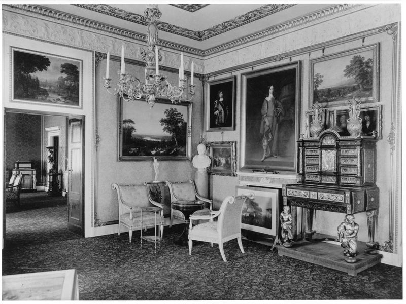 Schriftliche Nachweise zu finden, wann das Gemälde unter welchem Künstlernamen im Schloss hing, ist nicht leicht. In vielen Inventarbüchern zur Einrichtung der Schlossräume sind ausgerechnet Gemälde nur selten erwähnt. Aber im Fall des Ecksalons von Carl Alexander haben wir Glück. In der Auflistung zur Feuerversicherung 1886 sind Werke vermerkt, von denen einige auf der Fotografie wiederzufinden sind: zum Beispiel ein Porträt mit einer „Figur (von Honthorst 1641)“ oder „2 große Oelbilder, Landschaften (von Hackert)“, von denen eines links an der Wand und das andere rechts über dem Kabinettschrank hängt.
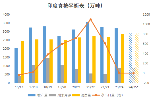 就消費量而言,印度10月至12月發放的銷售配額比去年同期減少了65萬噸左右,或與經濟放緩有所關聯,因此預計本年度的食糖消費增速放緩,消費量或為2900萬噸,與23/24榨季的2890萬噸幾乎持平。
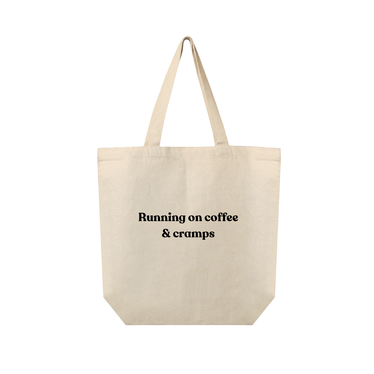 Our 'Running on Coffee Tote Bag' – the perfect blend of humor and practicality for those who juggle busy days with a smile (and a little caffeine).
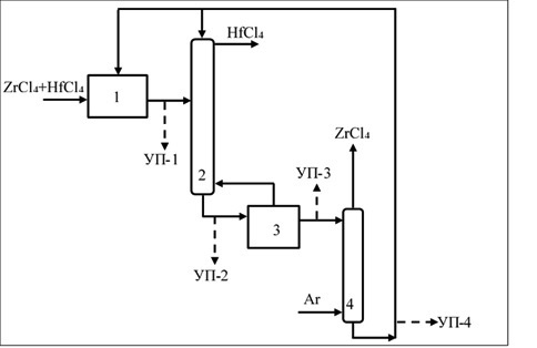 Рис. 3. Принципиальная схема установки: 1 – узел приготовления разделяемой смеси хлоридов циркония и гафния; 2 – ректификационная колонна; 3 – испаритель; 4 – десорбционная колонна; точки пробоотбора: УП-1 – после растворения разделяемой смеси ZrCl4 и HfCl4 в расплаве KCl – AlCl3; УП-2 – после ректификационной колонны; УП-3 – после кипятильника ректификационной колонны; УП-4 – после десорбции ZrCl4 потоком инертного газа.
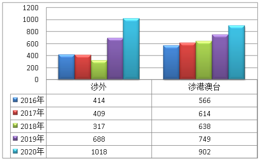 图5:近五年广东法院受理涉外、涉港澳台知识产权案件数量
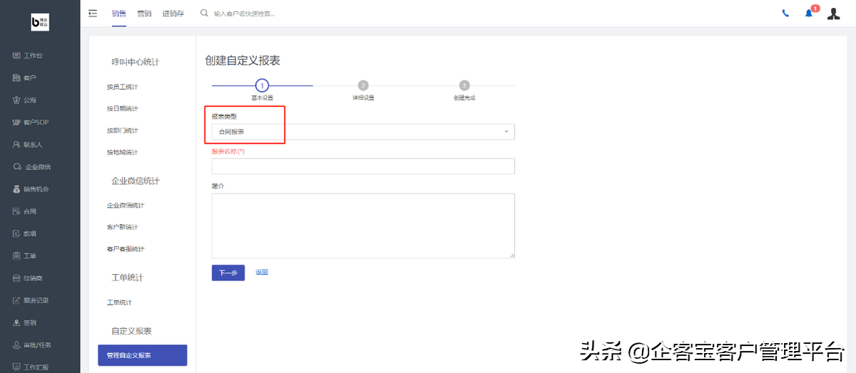 进入创建自定义报表页面,选择报表类型为“合同报表”,并输入报表名称和简介,点击“下一步”。
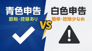 節税 青色申告と白色申告の違いを徹底解説|サラリーマン副業におすすめは? 副業サラリーマンが迷う「青色申告と白色申告の違い」を分かりやすく解説。少額なら白色、継続するなら青色がお得。控除・節税メリットや会社にバレない方法、切り替え手順や注意点まで具体例付きで紹介。さらに事業所得と雑所得の違いや20万円ルールの正しい理解もカバーします。 2025.09.19 節税
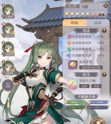 在角色属性方面,南宫璃拥有火系效果强化以及御剑效果提升20%的特质,无疑是火系御剑流派的理想之选。功法修炼时,对玄武与白虎功法有着不错的加成效果,能进一步增强自身的坦度。其专属天赋“真武护身”可依据生命值来提升暴击等级,与职业定位十分契合。而法宝“室宿九节鞭”则完美弥补了火系御剑缺乏突进技能的短板。
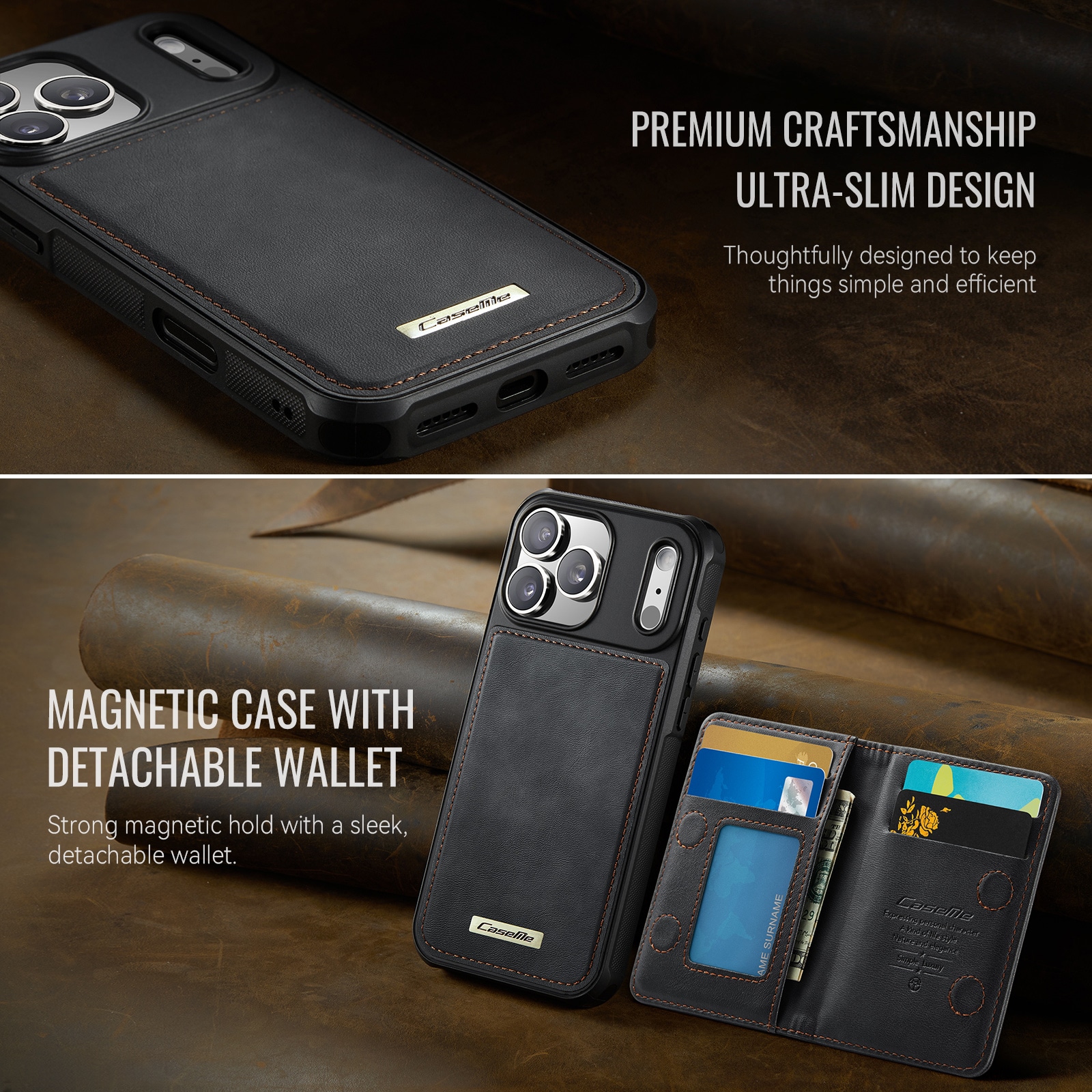 Tunt och smidigt magnetiskt plånboksskal från CaseMe till Apple iPhone 17 Pro. Skalet har en avtagbar magnetisk plånbok som ger flexibel användning i vardagen, samtidigt som telefonen skyddas i ett slimmat och stilrent skal.
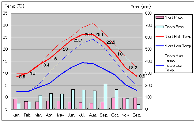 ヌーヴェル=アキテーヌ地域圏(旧ポワトゥー=シャラント地方)ニオール月別気温(Temperature & Precipitation of Niort, Deux-Sevres, Nouvelle-Aquitaine, France)
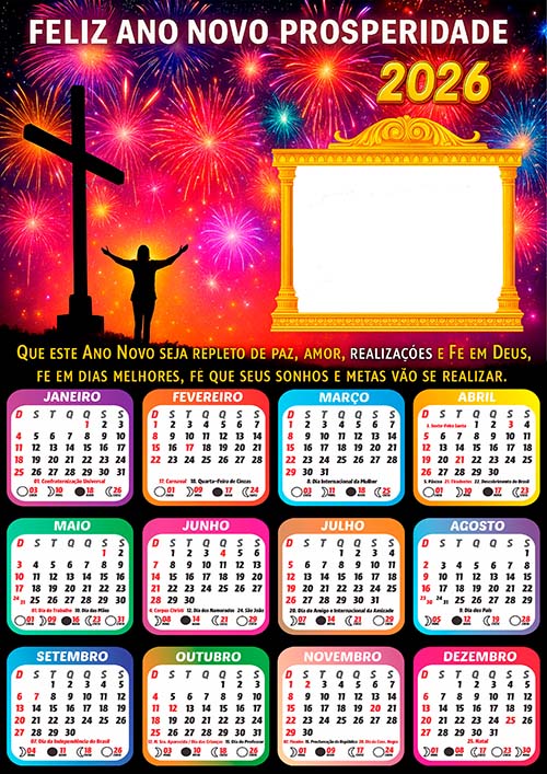 ✅ Arte Digital Calendário 2026 com Feriados de Feliz Ano Novo – Pronto para Montagem de Foto e Imprimir em Alta Qualidade!
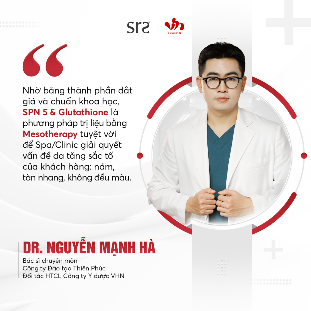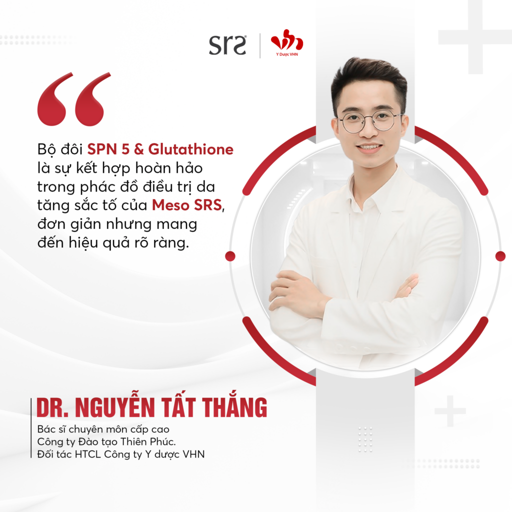 - SPN-5: nằm trong nhóm sản phẩm đột phá của thương hiệu Meso SRS. Đây là một loại cocktail thẩm mỹ đặc biệt với công thức PDRN – loại DNA chiết xuất từ tinh hoàn cá hồi, hỗ trợ tái tạo và trẻ hóa làn da, cải thiện tình trạng nếp nhăn và các dấu hiệu lão hóa, mang lại cấu trúc da khỏe mạnh, đàn hồi tốt, nâng cơ và chống oxy hóa mạnh cho làn da.
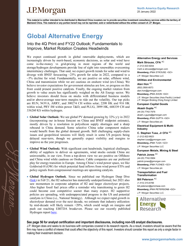 【J.P. Morgan】【20220125】美股替代能源行业-第四季度回顾及2022财年展望;基本面正在改善,市场轮换产生阻力-60页
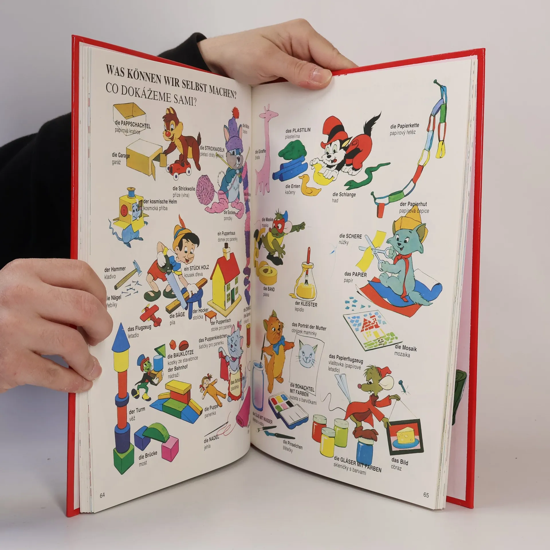Ilustrovaný slovník pro děti na témy: Časně zrána, Na ulici, Na poště, Forma a tvar, Barvy, Zvuky, Míry a váhy, Učíme se počítat, Jaro, léto, podzim, zima, Měsíce v roce, Sportovní soutěže, Hodina hudby, Stále v pohybu, Velikosti, Užitečné věci, Domácí práce, Praní, Na zahradě, V autodílně, Až budeme dospělí, Naše rodina, Rodiče a děti, Naši nejmladší, Části těla, V kuchyni, Na trhu, Hračky, V obchodním domě, Kupujeme oblečení, Co můžeme dělat za slunečného dne ?, Naše pocity, Co dokážeme sami ?, Co můžeme dělat za deštivého dne ?, Když jsme nemocní, Na nádraží, V lůne přírody, Na venkově, Příbytky pro zvířata, Na mořském pobřeží, V restauraci, Výlet po řece, Pod vodou, Co létá ve vzduchu ?, Na letišti, V kosmické lodi, Všechno, co má kola, Zajímavosti ze světa, V lunaparku, Čas na hraní, V zoologické zahradě, V televizním studiu, Hasičský sbor, V divadle, Budovy, Stavba domu, Nábytek, V cirkuse, Je čas se koupat, Je čas jít spát. První vydání. Cena knihy v čase vydání: 99.- Kčs.
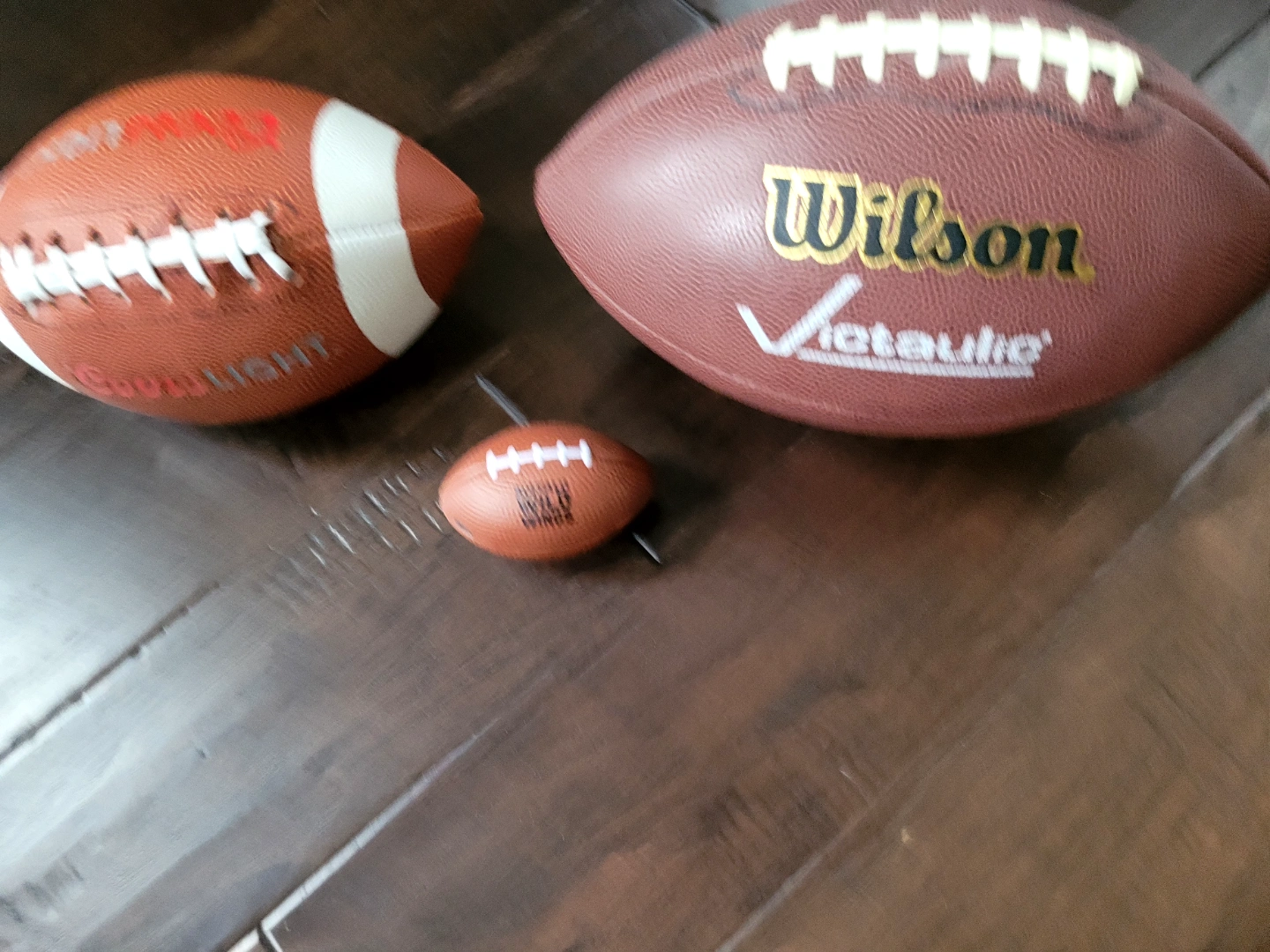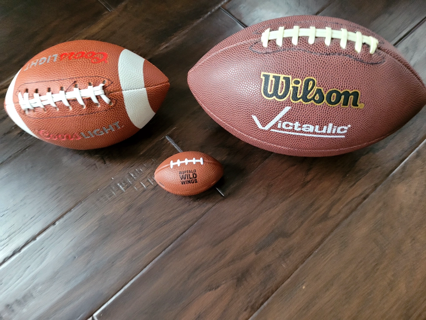 Three footballs, varying sizes. One Wilson Victaulic football. One smaller football. One tiny Buffalo Wild Wings football. Great for collectors or players.
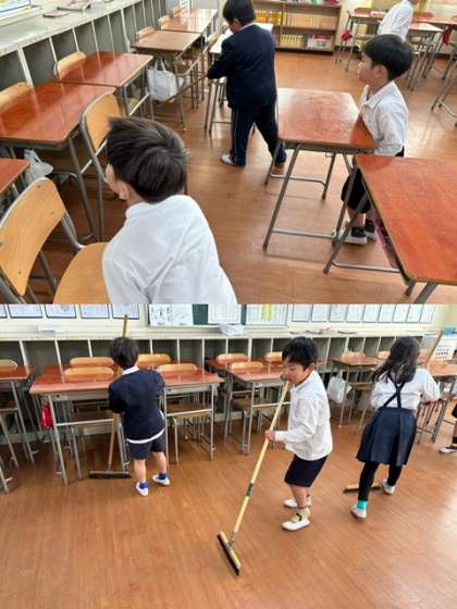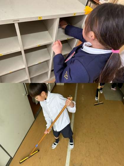 「こんなに机が大きいの!」「掃除用具箱の中がきれい!」など、色んな声が飛び交いながら、とっても嬉しそうに掃除をしていました!
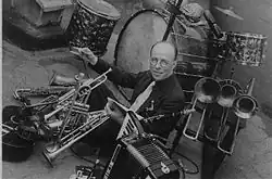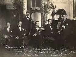 The Orchestra had two fixed members, Gianni Miglio and Luigi Balma, and included many others. Pippo played nine instruments and selected the members of his orchestra with a simple rule: each member must play at least three instruments, read music and play a wide list of songs from memory. The band soon held seven musicians, who played 36 instruments including the mellophone. "Pics of this time show a group of seven performers and all around a huge scenery of instruments, in one of these you can count at least 26: almost four each! It must have been an astonishing show to see them!”.[2]

What the exercise asks: Give back the material above exactly, but without its images.

Answer box:
 Schriftliche Nachweise zu finden, wann das Gemälde unter welchem Künstlernamen im Schloss hing, ist nicht leicht. In vielen Inventarbüchern zur Einrichtung der Schlossräume sind ausgerechnet Gemälde nur selten erwähnt. Aber im Fall des Ecksalons von Carl Alexander haben wir Glück. In der Auflistung zur Feuerversicherung 1886 sind Werke vermerkt, von denen einige auf der Fotografie wiederzufinden sind: zum Beispiel ein Porträt mit einer „Figur (von Honthorst 1641)“ oder „2 große Oelbilder, Landschaften (von Hackert)“, von denen eines links an der Wand und das andere rechts über dem Kabinettschrank hängt.
 就消費量而言,印度10月至12月發放的銷售配額比去年同期減少了65萬噸左右,或與經濟放緩有所關聯,因此預計本年度的食糖消費增速放緩,消費量或為2900萬噸,與23/24榨季的2890萬噸幾乎持平。
 Our 'Running on Coffee Tote Bag' – the perfect blend of humor and practicality for those who juggle busy days with a smile (and a little caffeine).
 Рис. 3. Принципиальная схема установки: 1 – узел приготовления разделяемой смеси хлоридов циркония и гафния; 2 – ректификационная колонна; 3 – испаритель; 4 – десорбционная колонна; точки пробоотбора: УП-1 – после растворения разделяемой смеси ZrCl4 и HfCl4 в расплаве KCl – AlCl3; УП-2 – после ректификационной колонны; УП-3 – после кипятильника ректификационной колонны; УП-4 – после десорбции ZrCl4 потоком инертного газа.
 图5:近五年广东法院受理涉外、涉港澳台知识产权案件数量
 进入创建自定义报表页面,选择报表类型为“合同报表”,并输入报表名称和简介,点击“下一步”。
 節税 青色申告と白色申告の違いを徹底解説|サラリーマン副業におすすめは? 副業サラリーマンが迷う「青色申告と白色申告の違い」を分かりやすく解説。少額なら白色、継続するなら青色がお得。控除・節税メリットや会社にバレない方法、切り替え手順や注意点まで具体例付きで紹介。さらに事業所得と雑所得の違いや20万円ルールの正しい理解もカバーします。 2025.09.19 節税
 在角色属性方面,南宫璃拥有火系效果强化以及御剑效果提升20%的特质,无疑是火系御剑流派的理想之选。功法修炼时,对玄武与白虎功法有着不错的加成效果,能进一步增强自身的坦度。其专属天赋“真武护身”可依据生命值来提升暴击等级,与职业定位十分契合。而法宝“室宿九节鞭”则完美弥补了火系御剑缺乏突进技能的短板。
 Tunt och smidigt magnetiskt plånboksskal från CaseMe till Apple iPhone 17 Pro. Skalet har en avtagbar magnetisk plånbok som ger flexibel användning i vardagen, samtidigt som telefonen skyddas i ett slimmat och stilrent skal.
 ヌーヴェル=アキテーヌ地域圏(旧ポワトゥー=シャラント地方)ニオール月別気温(Temperature & Precipitation of Niort, Deux-Sevres, Nouvelle-Aquitaine, France)
 ✅ Arte Digital Calendário 2026 com Feriados de Feliz Ano Novo – Pronto para Montagem de Foto e Imprimir em Alta Qualidade!
 - SPN-5: nằm trong nhóm sản phẩm đột phá của thương hiệu Meso SRS. Đây là một loại cocktail thẩm mỹ đặc biệt với công thức PDRN – loại DNA chiết xuất từ tinh hoàn cá hồi, hỗ trợ tái tạo và trẻ hóa làn da, cải thiện tình trạng nếp nhăn và các dấu hiệu lão hóa, mang lại cấu trúc da khỏe mạnh, đàn hồi tốt, nâng cơ và chống oxy hóa mạnh cho làn da.
 【J.P. Morgan】【20220125】美股替代能源行业-第四季度回顾及2022财年展望;基本面正在改善,市场轮换产生阻力-60页
Ilustrovaný slovník pro děti na témy: Časně zrána, Na ulici, Na poště, Forma a tvar, Barvy, Zvuky, Míry a váhy, Učíme se počítat, Jaro, léto, podzim, zima, Měsíce v roce, Sportovní soutěže, Hodina hudby, Stále v pohybu, Velikosti, Užitečné věci, Domácí práce, Praní, Na zahradě, V autodílně, Až budeme dospělí, Naše rodina, Rodiče a děti, Naši nejmladší, Části těla, V kuchyni, Na trhu, Hračky, V obchodním domě, Kupujeme oblečení, Co můžeme dělat za slunečného dne ?, Naše pocity, Co dokážeme sami ?, Co můžeme dělat za deštivého dne ?, Když jsme nemocní, Na nádraží, V lůne přírody, Na venkově, Příbytky pro zvířata, Na mořském pobřeží, V restauraci, Výlet po řece, Pod vodou, Co létá ve vzduchu ?, Na letišti, V kosmické lodi, Všechno, co má kola, Zajímavosti ze světa, V lunaparku, Čas na hraní, V zoologické zahradě, V televizním studiu, Hasičský sbor, V divadle, Budovy, Stavba domu, Nábytek, V cirkuse, Je čas se koupat, Je čas jít spát. První vydání. Cena knihy v čase vydání: 99.- Kčs.
 Three footballs, varying sizes. One Wilson Victaulic football. One smaller football. One tiny Buffalo Wild Wings football. Great for collectors or players.
 「こんなに机が大きいの!」「掃除用具箱の中がきれい!」など、色んな声が飛び交いながら、とっても嬉しそうに掃除をしていました!
 The Orchestra had two fixed members, Gianni Miglio and Luigi Balma, and included many others. Pippo played nine instruments and selected the members of his orchestra with a simple rule: each member must play at least three instruments, read music and play a wide list of songs from memory. The band soon held seven musicians, who played 36 instruments including the mellophone. "Pics of this time show a group of seven performers and all around a huge scenery of instruments, in one of these you can count at least 26: almost four each! It must have been an astonishing show to see them!”.[2]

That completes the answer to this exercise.